▶ _What to produce_:
Set down the full listing below word for word; pictures stay out of the copy.

▶ _Data extract_:
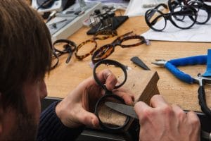 Für Tomas Maier hat er eine kleine Linie mit zeitgenössischen Aviatorbrillen mit flachen Linsen entwickelt und andere Variationen auf amerikanische Klassiker. Für Stella McCartney entwickelte das Team ein nachhaltiges Bio-Acetat. Aber man besitzt keine eigenen Fabriken, arbeitet mit frei gewählten Herstellern in Italien und Japan zusammen.
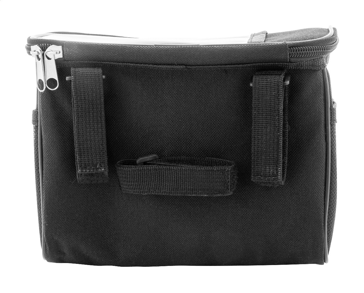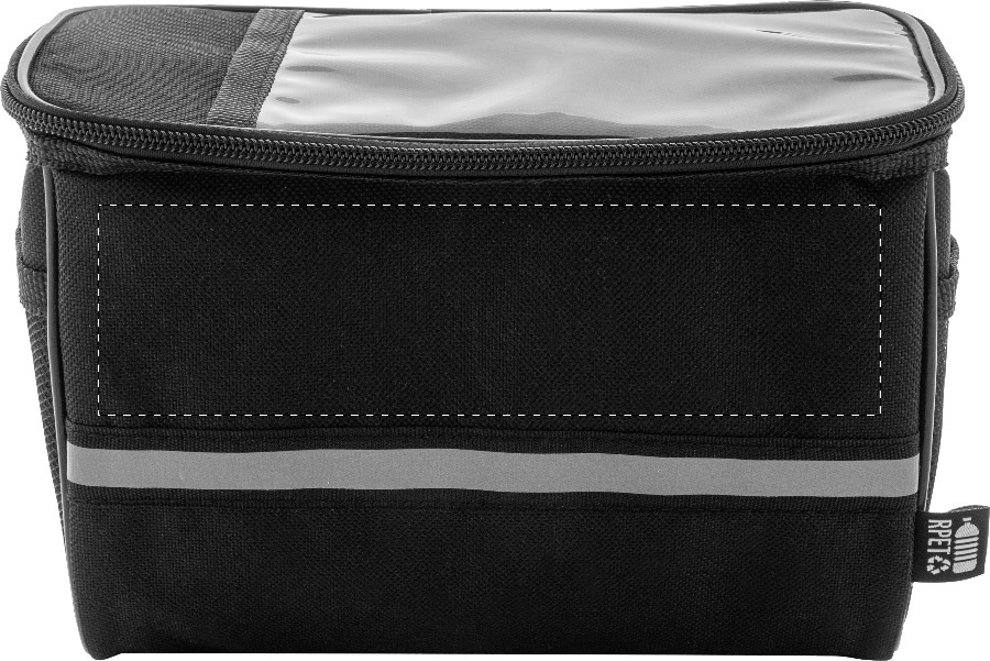 Brašna na řídítka kola z RPET s přihrádkou na zip, kapsou na mobil s dotykovou obrazovkou, bočními síťovanými kapsami, nastavitelnými popruhy na suchý zip a reflexním proužkem. Polyester 600D RPET s výrazným štítkem RPET.
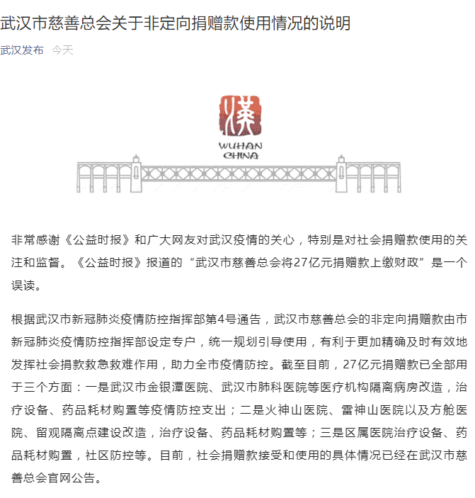 非常感谢《公益时报》和广大网友对武汉疫情的关心,特别是对社会捐赠款使用的关注和监督。《公益时报》报道的“武汉市慈善总会将27亿元捐赠款上缴财政”是一个误读。
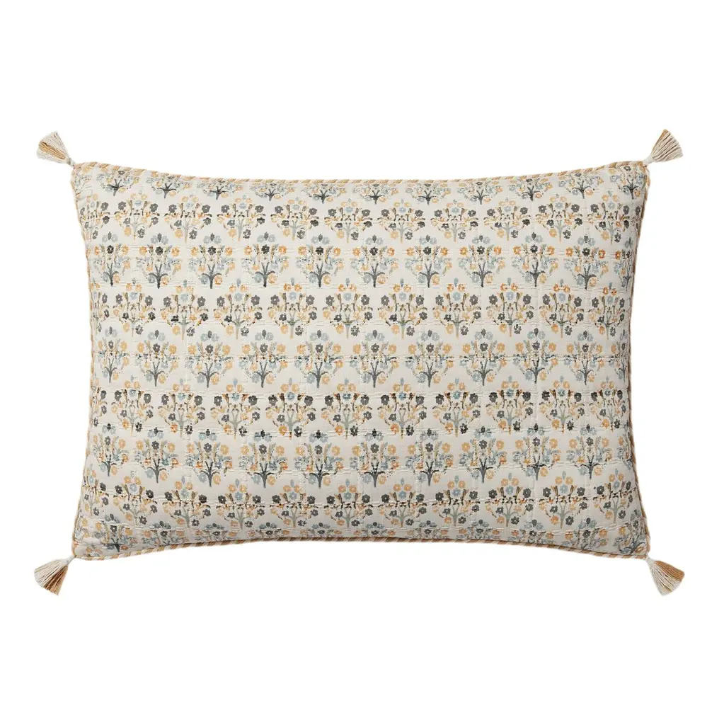 Brady Lumbar Block Print Pillow, Wheat/multi
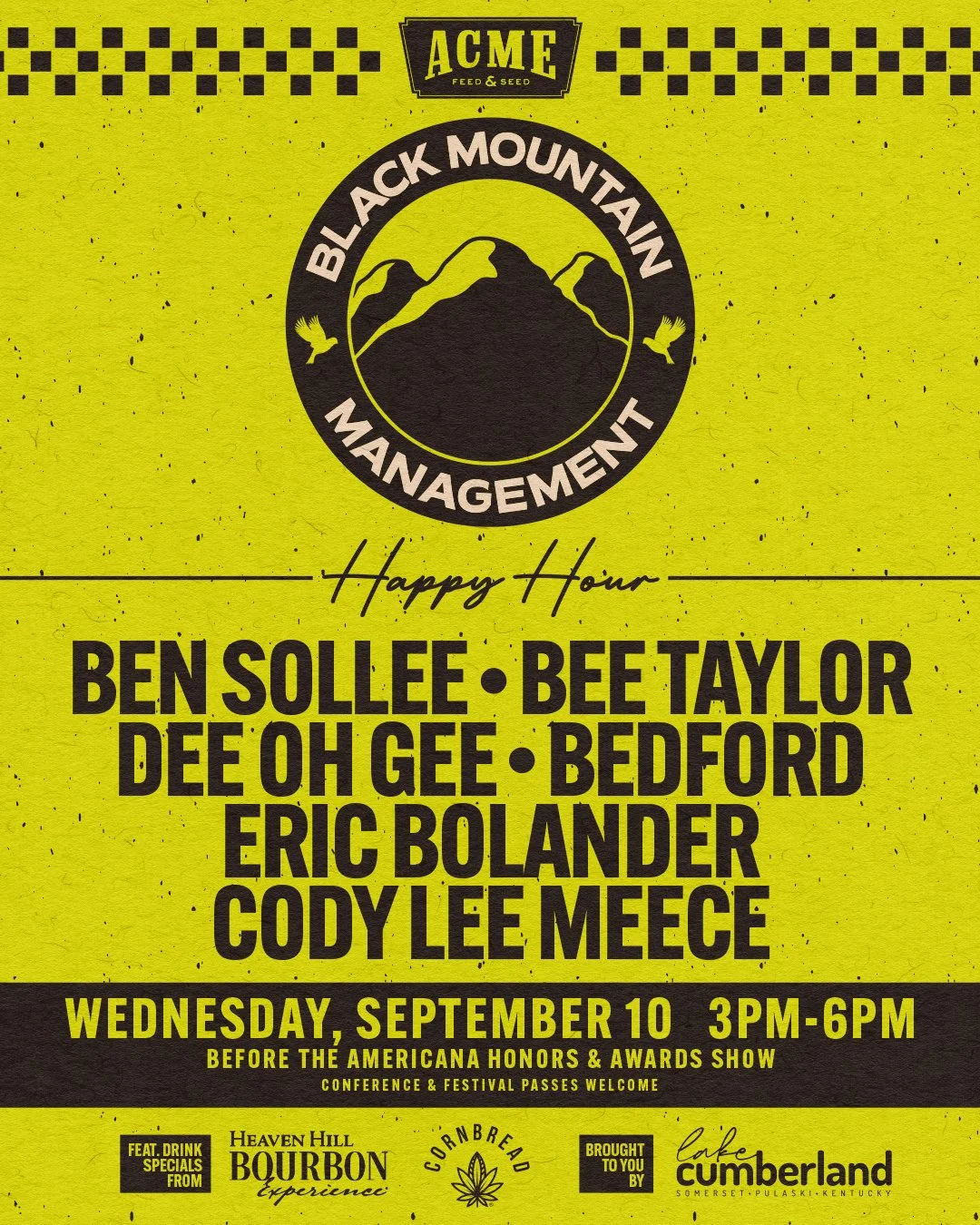 Join us for Black Mountain Management Happy Hour from 3-6PM (right before the Americana Music Association’s Honors & Awards Show).
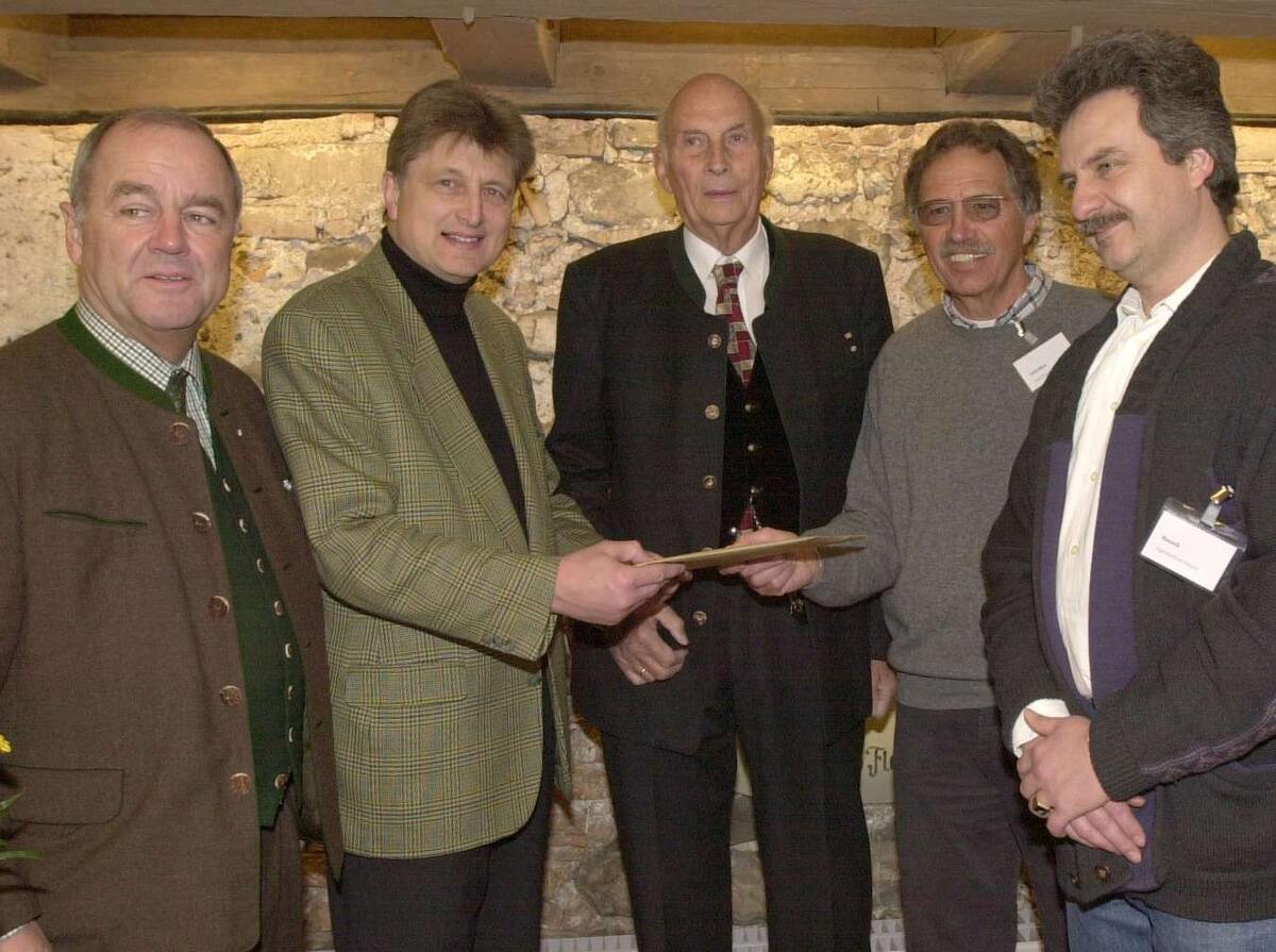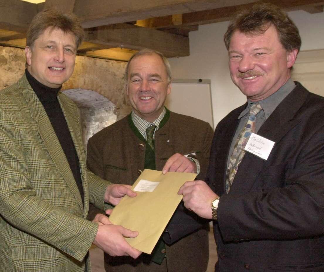 Beppo Maltan (r.) von der DAV-Sektion Berchtesgaden nimmt aus den Händen von Kuratoriumsmitglied Wolfgang Gröbl (M.) und DBU-Generalsekretär Fritz Brickwedde (l.) das Bewilligungsschreiben in Empfang.
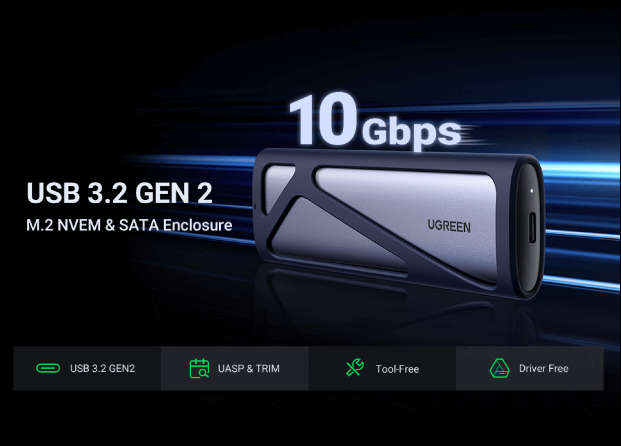 UGREEN 10Gbps M.2 NVMe SATA Enclosure
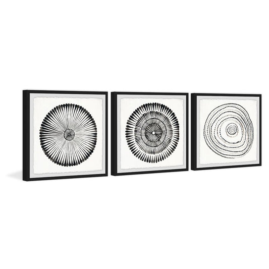 Elegant Black and White Circle Bloom Abstract Triptych Wall Art
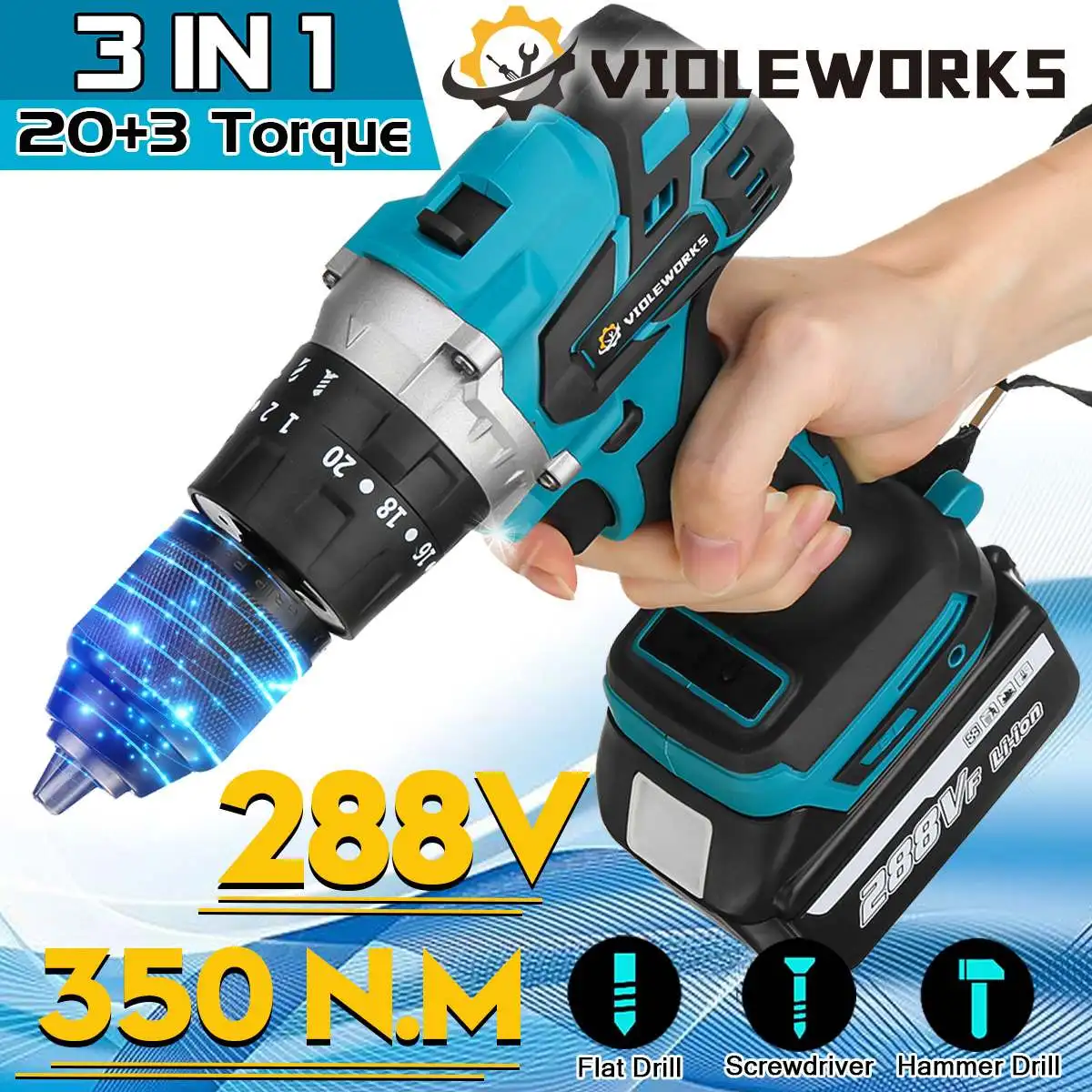 3 в 1 288VF Аккумуляторная дрель электрическая ударная отвертка Ударная дрель 20 + 3 знака после крутящий момент 13 мм для Makita 18V БатареяХарактеристики:Бренд: VIOLEWORKSНазвание: Беспроводная Дрель 288VFМотор: бесщеточный

▶ _Response area_:
 Für Tomas Maier hat er eine kleine Linie mit zeitgenössischen Aviatorbrillen mit flachen Linsen entwickelt und andere Variationen auf amerikanische Klassiker. Für Stella McCartney entwickelte das Team ein nachhaltiges Bio-Acetat. Aber man besitzt keine eigenen Fabriken, arbeitet mit frei gewählten Herstellern in Italien und Japan zusammen.
 Brašna na řídítka kola z RPET s přihrádkou na zip, kapsou na mobil s dotykovou obrazovkou, bočními síťovanými kapsami, nastavitelnými popruhy na suchý zip a reflexním proužkem. Polyester 600D RPET s výrazným štítkem RPET.
 非常感谢《公益时报》和广大网友对武汉疫情的关心,特别是对社会捐赠款使用的关注和监督。《公益时报》报道的“武汉市慈善总会将27亿元捐赠款上缴财政”是一个误读。
 Brady Lumbar Block Print Pillow, Wheat/multi
 Join us for Black Mountain Management Happy Hour from 3-6PM (right before the Americana Music Association’s Honors & Awards Show).
 Beppo Maltan (r.) von der DAV-Sektion Berchtesgaden nimmt aus den Händen von Kuratoriumsmitglied Wolfgang Gröbl (M.) und DBU-Generalsekretär Fritz Brickwedde (l.) das Bewilligungsschreiben in Empfang.
 UGREEN 10Gbps M.2 NVMe SATA Enclosure
 Elegant Black and White Circle Bloom Abstract Triptych Wall Art
 3 в 1 288VF Аккумуляторная дрель электрическая ударная отвертка Ударная дрель 20 + 3 знака после крутящий момент 13 мм для Makita 18V БатареяХарактеристики:Бренд: VIOLEWORKSНазвание: Беспроводная Дрель 288VFМотор: бесщеточный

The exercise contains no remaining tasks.